Data for processing ::
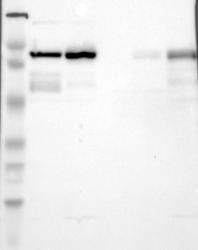 - Western blot analysis of antibody specificity using a routine panel composed of IgG/HSA-depleted human plasma and protein lysates from selected human tissues and cell lines.
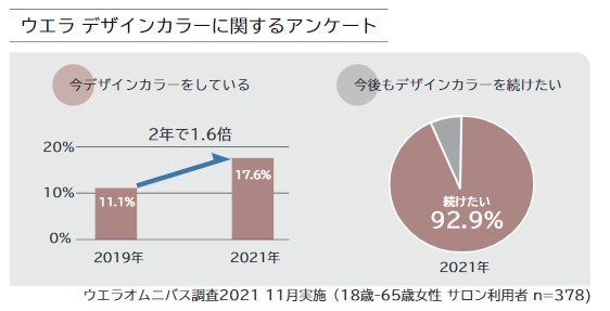 近年、女性のデザインカラーに対する意識は向上し、6人に1人がブリーチを使用したデザインカラーを楽しんでいます。そのうち、9割以上の方が今後もデザインカラーを続けたいと考えています*1 。一方で、切れ毛や枝毛の悩みは、カラーをしていない人と比較すると約2倍*2にのぼり、よりダメージケアに特化した製品へのニーズが高まっていることがうかがえます。
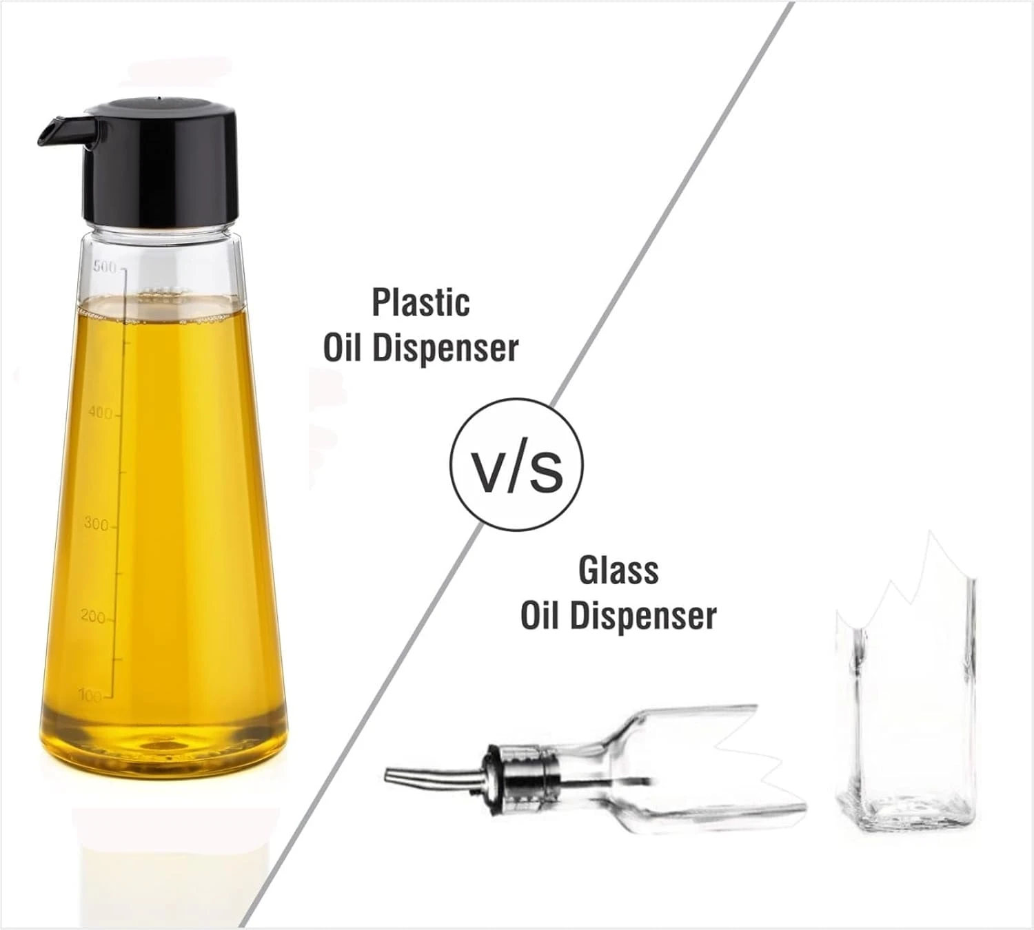 1. PREMIUM MATERIAL: Made from high-quality, food-grade plastic with a clear glass-like design that allows you to easily monitor oil levels and identify contents at a glance
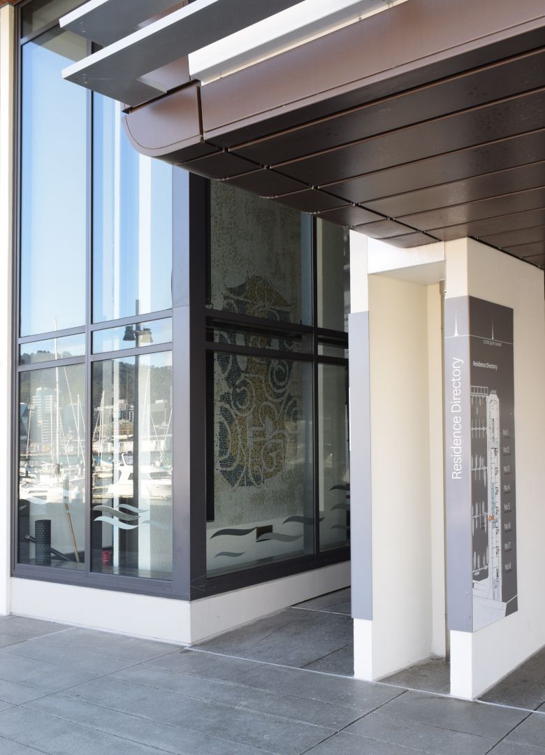 - Exterior covered entryway, Clyde Quay Wharf Apartments, Clyde Quay Wharf, Oriental Bay, Wellington (sites are: 1 x Located outside the gym between No.5 & No.6 Clyde Quay Wharf entries; 3 x located in laneway between No.1 & No.2 Clyde Quay Wharf)
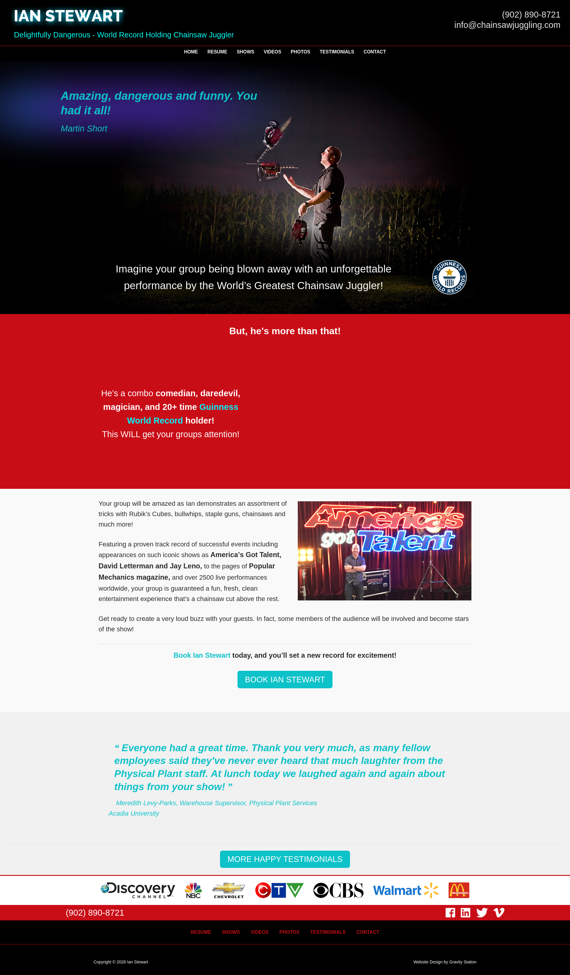 Home - Ian Stewart: Corporate Entertainment | Chainsaw JugglerIan Stewart the Top Chainsaw Juggler performs his delightfully dangerous comedy show at corporate events, colleges, and theatres worldwide.PNGPDF
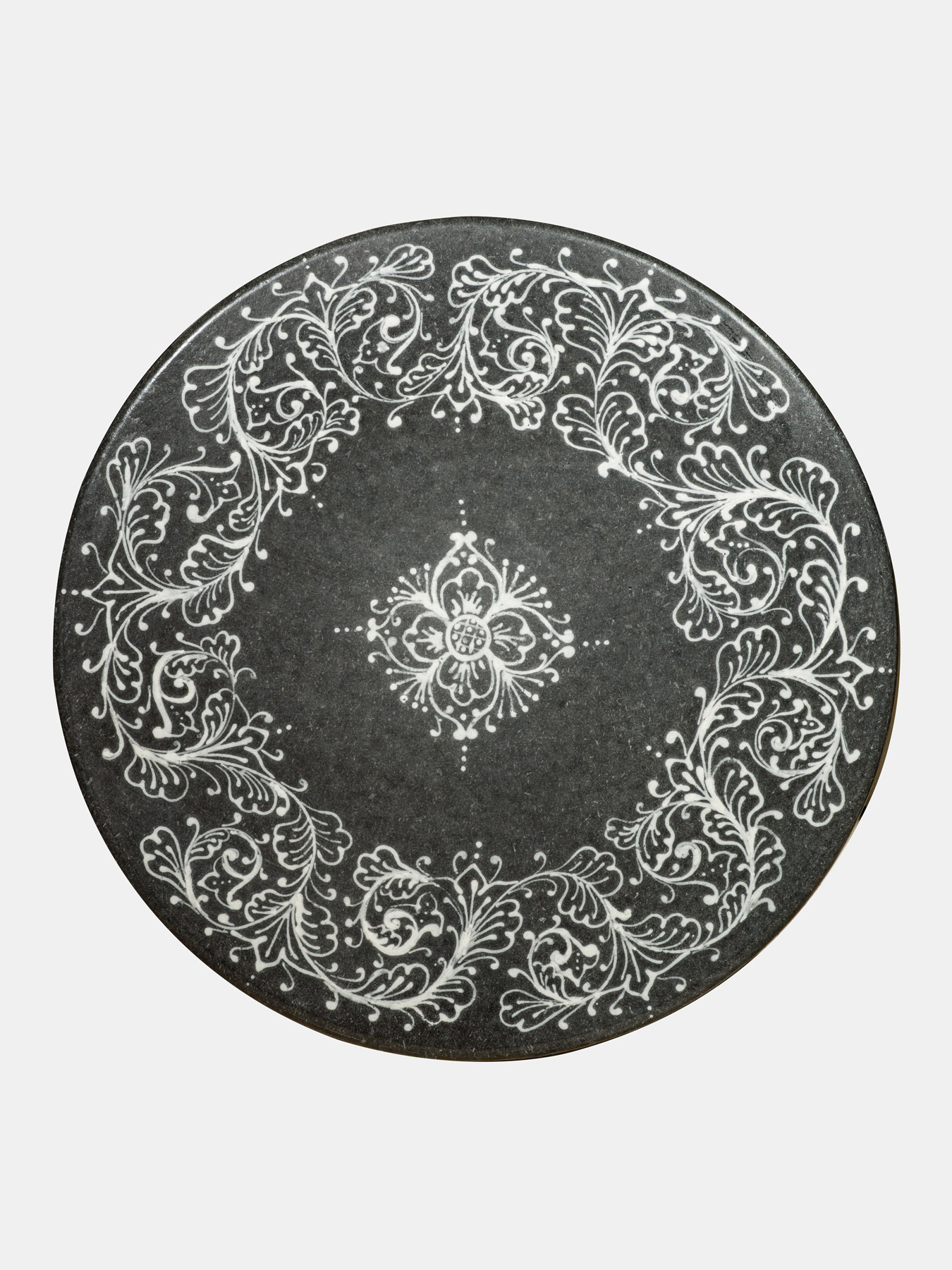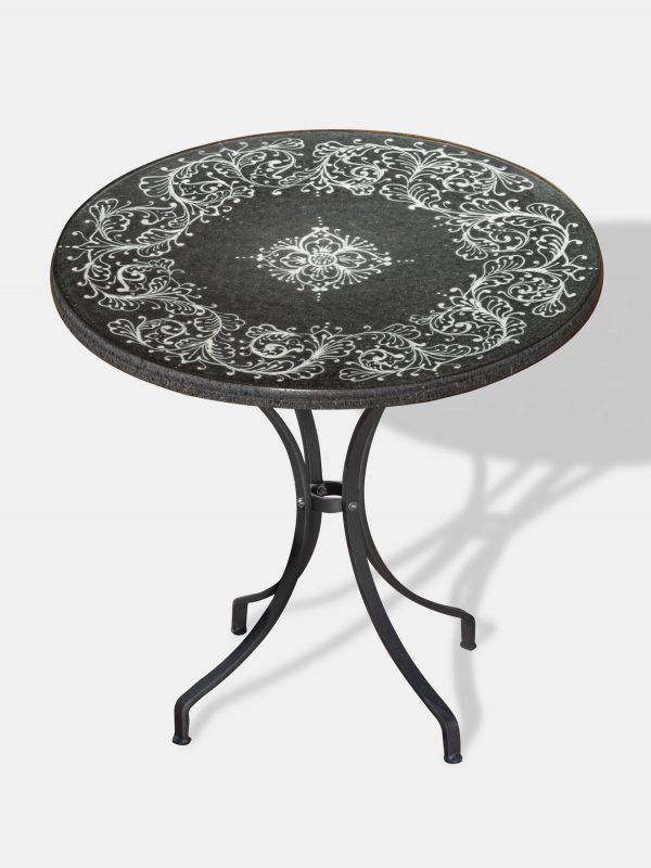 Der Gartentisch aus Lavastein, der aus Italien stammt, ist eine wunderschöne Kombination aus Eleganz und Robustheit. Sein runder Tischplatte aus schwarzem Lavastein ist mit einem feinen weißen Dekor verziert, das eine subtile, aber ansprechende visuelle Note bietet. Das Eisengestell bildet einen stabilen und charmanten Kontrast zur Tischplatte. Die Verwendung von Lavastein verleiht dem Tisch eine natürliche Schönheit und gleichzeitig eine hohe Widerstandsfähigkeit gegenüber den Elementen. Diese Eigenschaft macht ihn ideal für den Einsatz im Freien, da er Witterungseinflüssen standhält. Die Tatsache, dass der Tisch in verschiedenen Größen erhältlich ist, ermöglicht es, den passenden Tisch entsprechend des verfügbaren Platzes und den individuellen Bedürfnissen auszuwählen. Von kleinen gemütlichen Bereichen bis hin zu großzügigen Außenbereichen kann dieser Gartentisch in verschiedenen Umgebungen eine beeindruckende Präsenz haben.
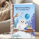 This charming January birthday card features a striking Snowy Owl holding a snowflake balloon beside a rich chocolate birthday cake, set within a cozy winter scene. In the background, a small Barn Owl looks on from the snowy landscape, adding a gentle touch of nature and seasonal charm. Perfect for a mom who appreciates wildlife, peaceful winter moments, and unique artwork, this nature-inspired birthday card brings warmth, character, and winter wonder to her special day.
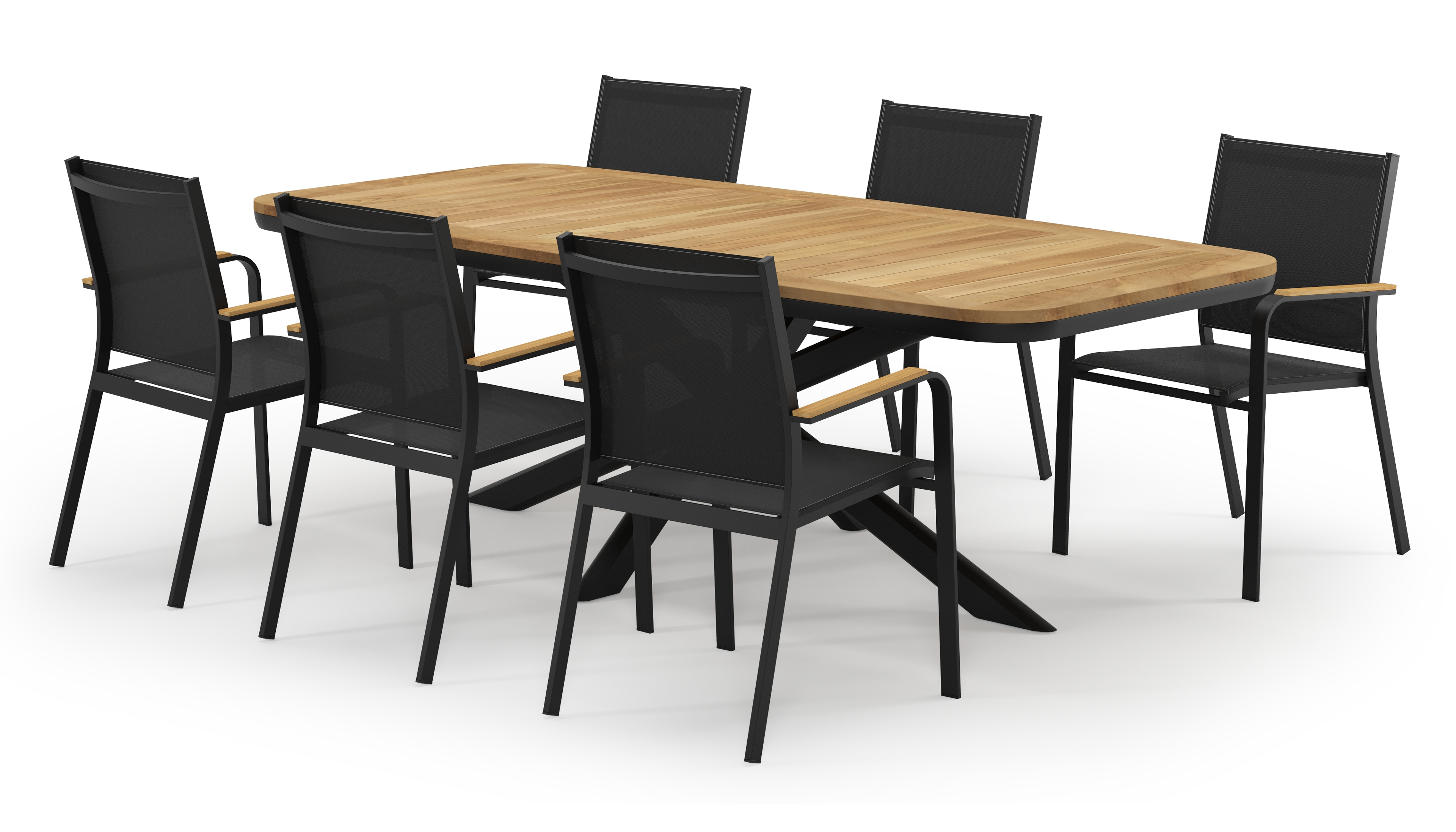 De Pamplona tuinset straalt met zijn afgeronde vorm en opvallende kruispoot een robuuste hedendaagse look uit. Deze tuinset is ideaal voor een groot gezelschap.
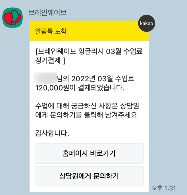 여기까지가 정기결제 등록에 관련된 프로세스입니다. 이처럼 매우 간단하게 등록이 가능합니다. 등록과 함께 첫 달 수업료가 결제되고, 이후 월 정기 결제는 정해진 날짜 (매달 5일, 휴일 시 익일)에 결제가 진행되며, 결제 통보는 실시간으로 알림톡으로 학생 또는 학부모님께 전달됩니다.
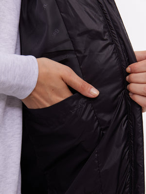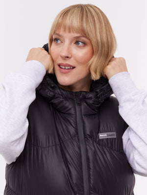 Designed for lightweight layering and everyday warmth, the Saz Longline Hooded Vest by Bench brings comfort and versatility to transitional weather. With its elongated silhouette and chevron quilted construction, this vest offers both style and function. The hood and full front zip provide added protection, while roomy pockets and sleek details make it an easy, on-the-go essential.
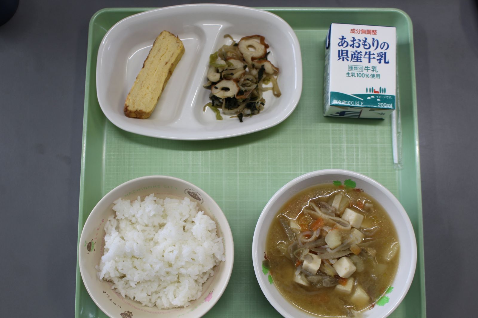本日の献立は、ごはん、牛乳、とん汁、県産厚焼き玉子、小松菜とちくわの炒め物 です。
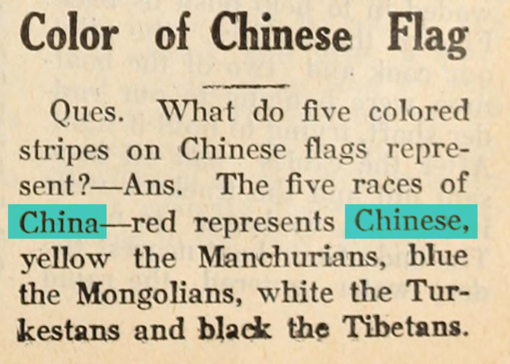 1912年《China (Scarboro Missions Magazine)》杂志有一个片段介绍北洋政府所主张的“中国国旗”五色旗,文中以“Chinese”称呼汉人,与中国的“China”国名一致,并与其它民族区别开
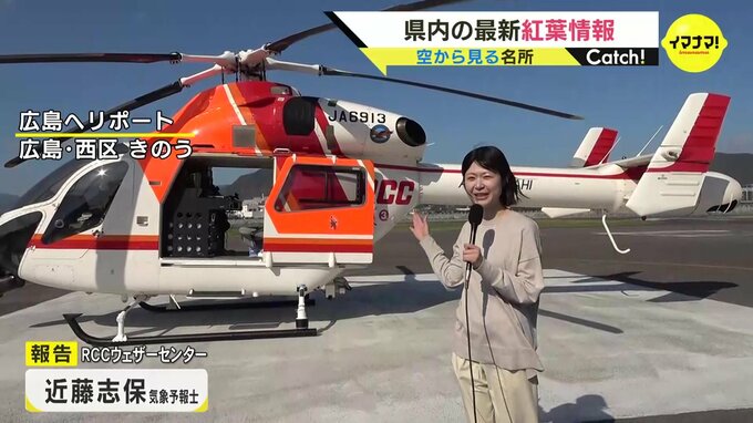 「紅葉シーズン到来です。広島県内最新の紅葉情報をヘリコプターに乗って空からお伝えします」
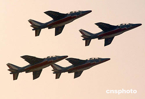 “法兰西巡逻兵”特技飞行表演队“阿尔法”飞机,十月六日下午在北京南苑机场进行飞行预演,精彩的飞行表演,博得北京观众喝彩。由于天气能见度极低,许多高难度飞行科目未能如期进行。中新社记者:邹宪
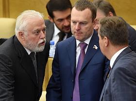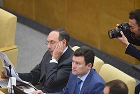 Пленарное заседание Государственной думы (ГД) России. Председатель комитета ГД России по экономической политике, промышленности, инновационному развитию и предпринимательству Сергей Жигарев (слева) во время заседания.
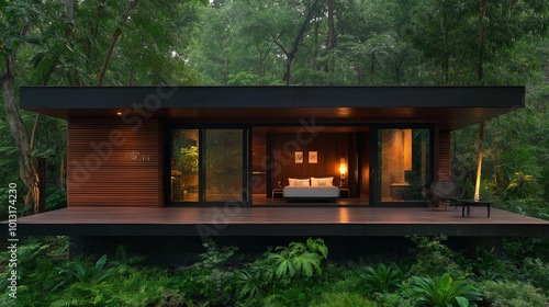 A wooden bungalow with vertical slats on the exterior walls, located in Thailand's verdant landscape. The structure features an open-air terrace and wood cladding that creates a rustic charm.
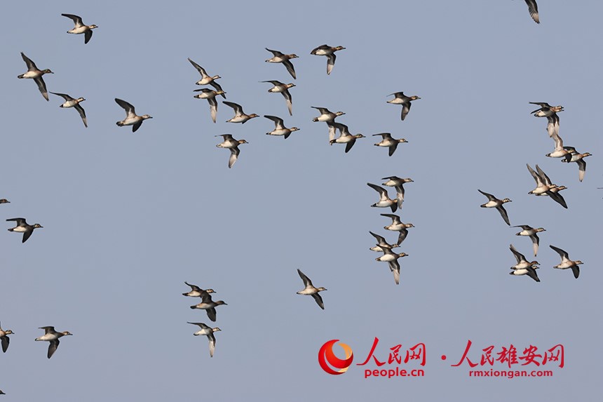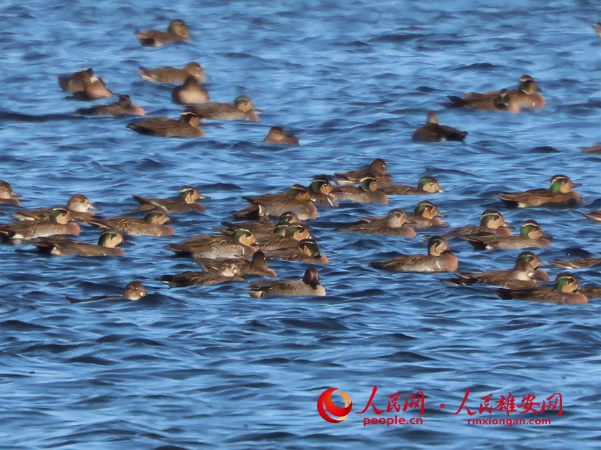 人民網雄安12月2日電 在雄安新區雄縣近日組織開展的野生鳥類監測活動中,愛鳥護鳥志愿者在白洋淀監測到數百只國家二級重點保護野生動物花臉鴨集群活動的影像。
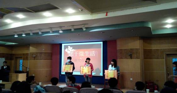 为了更好的开展系团总支工作,增进团干的感情,4月25日晚,机电工程系团总支在养根楼报告厅举行了“团干微生活”,通过团干们自己制作的视频、PPT等微作品展示大家在团总支的点点滴滴。活动设置了若干奖项,对制作精美有内涵的微作品进行了奖励。

What is expected ::
Restate exactly, please, only the lines between the start of the data and the line containing "Der Gartentisch aus", both ends included, skipping the pictures.

Task solution ::
 - Western blot analysis of antibody specificity using a routine panel composed of IgG/HSA-depleted human plasma and protein lysates from selected human tissues and cell lines.
 近年、女性のデザインカラーに対する意識は向上し、6人に1人がブリーチを使用したデザインカラーを楽しんでいます。そのうち、9割以上の方が今後もデザインカラーを続けたいと考えています*1 。一方で、切れ毛や枝毛の悩みは、カラーをしていない人と比較すると約2倍*2にのぼり、よりダメージケアに特化した製品へのニーズが高まっていることがうかがえます。
 1. PREMIUM MATERIAL: Made from high-quality, food-grade plastic with a clear glass-like design that allows you to easily monitor oil levels and identify contents at a glance
 - Exterior covered entryway, Clyde Quay Wharf Apartments, Clyde Quay Wharf, Oriental Bay, Wellington (sites are: 1 x Located outside the gym between No.5 & No.6 Clyde Quay Wharf entries; 3 x located in laneway between No.1 & No.2 Clyde Quay Wharf)
 Home - Ian Stewart: Corporate Entertainment | Chainsaw JugglerIan Stewart the Top Chainsaw Juggler performs his delightfully dangerous comedy show at corporate events, colleges, and theatres worldwide.PNGPDF
 Der Gartentisch aus Lavastein, der aus Italien stammt, ist eine wunderschöne Kombination aus Eleganz und Robustheit. Sein runder Tischplatte aus schwarzem Lavastein ist mit einem feinen weißen Dekor verziert, das eine subtile, aber ansprechende visuelle Note bietet. Das Eisengestell bildet einen stabilen und charmanten Kontrast zur Tischplatte. Die Verwendung von Lavastein verleiht dem Tisch eine natürliche Schönheit und gleichzeitig eine hohe Widerstandsfähigkeit gegenüber den Elementen. Diese Eigenschaft macht ihn ideal für den Einsatz im Freien, da er Witterungseinflüssen standhält. Die Tatsache, dass der Tisch in verschiedenen Größen erhältlich ist, ermöglicht es, den passenden Tisch entsprechend des verfügbaren Platzes und den individuellen Bedürfnissen auszuwählen. Von kleinen gemütlichen Bereichen bis hin zu großzügigen Außenbereichen kann dieser Gartentisch in verschiedenen Umgebungen eine beeindruckende Präsenz haben.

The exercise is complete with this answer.